Changing the binding of a variable in a closure

I am labeling this question as “statistics” because the motivation comes from a statistical application. The tl: dr version is that I want to change the binding of a variable in a closure within a loop. The function itself is defined outside the loop. I don’t have a lot of flexibility in defining the function because I am passing it to derivative evaluation functions in the ForwardDiff package and those must be unary functions. Right now my approach is to declare the variable’s name as global before I define the function. I’m wondering if there is a more aesthetically pleasing approach.

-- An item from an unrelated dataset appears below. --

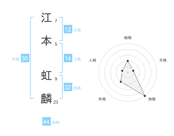 江本 虹麟さんの地格は32画の5点!

So the background is that a nonlinear regression model function depends upon parameters and observed data. Generally the parameters are a relatively short vector and the data are columns in a table, like a DataFrame. One of the simple (but real) examples in Bates and Watts (Wiley, 1988), Nonlinear Regression Analysis and Its Applications is data from an enzyme kinetics experiment

julia> data = DataFrame(conc = repeat([0.02,0.06,0.11,0.22,0.56,1.1], inner=2),
           rate = float([76,47,97,107,123,139,159,152,191,201,207,200]))
12×2 DataFrame
│ Row │ conc    │ rate    │
│     │ Float64 │ Float64 │
├─────┼─────────┼─────────┤
│ 1   │ 0.02    │ 76.0    │
│ 2   │ 0.02    │ 47.0    │
│ 3   │ 0.06    │ 97.0    │
│ 4   │ 0.06    │ 107.0   │
│ 5   │ 0.11    │ 123.0   │
│ 6   │ 0.11    │ 139.0   │
│ 7   │ 0.22    │ 159.0   │
│ 8   │ 0.22    │ 152.0   │
│ 9   │ 0.56    │ 191.0   │
│ 10  │ 0.56    │ 201.0   │
│ 11  │ 1.1     │ 207.0   │
│ 12  │ 1.1     │ 200.0   │

for which the Michaelis-Menten model for reaction rate as a function of substrate concentration would be appropriate.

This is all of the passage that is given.